HomeNewsBriefCoca Crops and Their Prices Grew in Bolivia in 2017: UNODC Report
BRIEF

Coca Crops and Their Prices Grew in Bolivia in 2017: UNODC Report

BOLIVIA / 24 AUG 2018 BY VICTORIA DITTMAR EN

The United Nations illicit crop monitoring program reported an increase in coca prices and new crops in Bolivia in 2017, signs of an ongoing trend that has been altering drug trafficking dynamics in the Andean nation and its surrounding area in South America.

Last year, Bolivia reached a total of 24,500 hectares of land used for coca farming, a six-percent increase compared to the 23,100 hectares registered in 2016, according to the 2017 Coca Monitoring Survey in the Plurinational State of Bolivia issued by the United Nations Office on Drugs and Crime (UNODC).

The report also mentioned that coca leaf prices grew by 16 percent, up from $8.1 per kilogram in 2016 to $9.4 in 2017.

Growth was highest in the Cochabamba Tropics in central Bolivia. The region registered 1,200 hectares more than in 2016, an increase of 17 percent, while in La Paz department’s forested Yungas region it grew a paltry one percent and in Northern La Paz it decreased by eight percent.

Of the total crops, 65 percent are in the Yungas of La Paz, 34 percent were cultivated in the Cochabamba Tropics, and Northern La Paz registered just one percent.

Since 2017 and under the country’s new General Coca Law, the Bolivian government expanded the authorized zones for coca leaf farming from 12,000 to 22,000 hectares. This means that only 2,500 hectares could theoretically be considered illegally grown.

The report also cited figures on Bolivia’s anti-drug efforts, reporting that 7,327 hectares of coca were eradicated, 660 hectares more than were eradicated the previous year. Seizures of coca leaf and coca base grew by five and 13 percent, respectively. But those of cocaine took a nosedive, plummeting by 78 percent.

InSight Crime Analysis

Coca farming in Bolivia declined between 2010 and 2015 and picked up again in 2016, when it increased by 14 percent. Although 2017 saw an increase as well, the figures remain lower than those recorded between 2006 and 2010 and are not considered to be particularly significant. However, the repeated increase in the price of coca leaves in the country could prove to be influencing the drug trafficking dynamics in that part of South America.

Bolivia’s figures “are a very small percentage of coca cultivation at the regional level,” Kathryn Ledebur, executive director of the Andean Information Network (Red Andina de Información – AIN), told InSight Crime. This is true when comparing Bolivia’s 24,500 hectares to the other two coca leaf producers in the region -- Colombia and Peru -- whose most recent figures are 146,000 and 50,000 hectares, respectively. (The 2017 reports for Colombia and Peru have not yet been published.)

SEE ALSO: Bolivia News and Profile

Ledebur explained that the higher coca prices reported in Bolivia -- where the UNODC says coca leaf is significantly more expensive than in Colombia ($0.95 per kilogram) or Peru ($3 per kilogram) -- illustrate the current drug trafficking dynamic in the country.
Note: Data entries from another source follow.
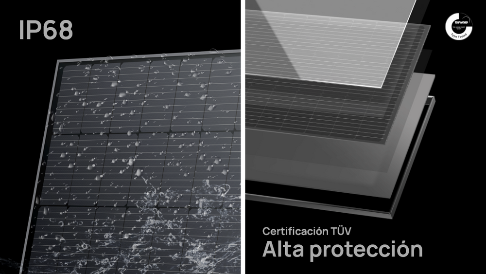 *A resistência à água e ao pó foi testada em condições laboratoriais controladas com uma classificação IP68 de acordo com a norma IEC 60529 (profundidade máxima de água de 1 metro até 72 horas). *Os painéis solares corretamente montados podem suportar uma carga dinâmica de pressão do vento de 2400pa (com ventos de 130 mph/209 km/h) e uma carga estática de neve de 5400pa (113 lb por pé quadrado/551 kg por metro quadrado de neve).
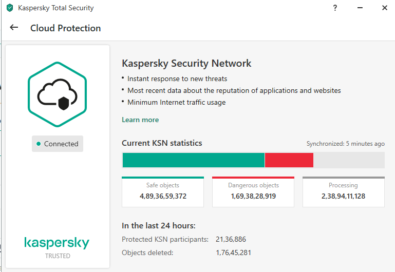Kts cloud protection "current statistics" detect too many dangerous objects
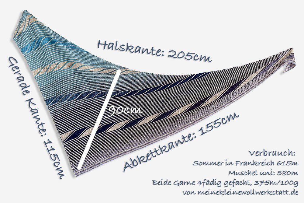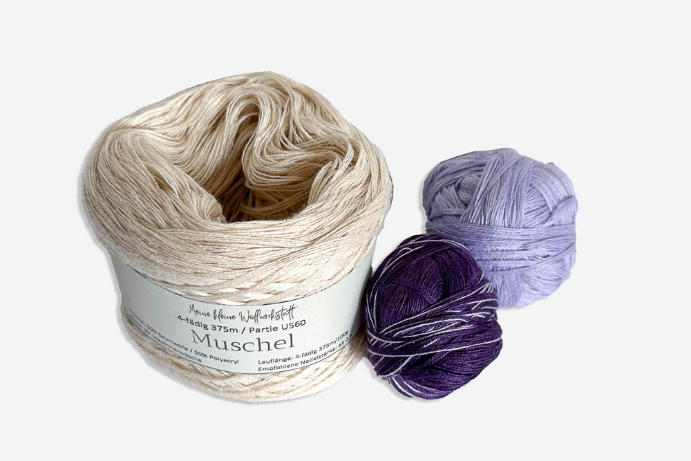 In meinem Fundus hatte ich noch einen 750m-4fach-Bobbel Sommer in Frankreich von Meine kleine Wollwerkstatt; kombiniert habe ich diesen mit 750m Uni-Muschel, auch von der Kleinen Wollwerkstatt. Da ich vergessen hatte, den 'Sommer in Frankreich'-Bobbel vor dem Losstricken zu fotografieren, hat Maike von 'Meine kleine Wollwerkstatt' mir eines ihrer Fotos zur Verfügung gestellt - vielen lieben Dank dafür.
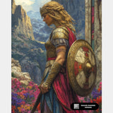 This Athena, Goddess of War diamond painting kit portrays a majestic warrior goddess standing in golden armor, holding her shield among vibrant mountain flowers. A powerful and elegant artwork for mythology lovers and fantasy art fans.

It means that, “right now, it’s not as profitable to make base paste or crystallize cocaine in Bolivia, but to send the Peruvian product on to consumer nations like Brazil,” the expert said.

Moreover, the AIN director believes that the high prices also mean Bolivian coca farmers can make enough profits by simply farming it and selling it on the local market. There is no need for them to resort to manufacturing coca base as well, as happens in Colombia, for example.

According to Ledebur, the growth trend in Bolivia’s coca production in the coming years will depend on how its government manages its highest producing regions, which are divided among areas where the crop is grown both legally and illegally.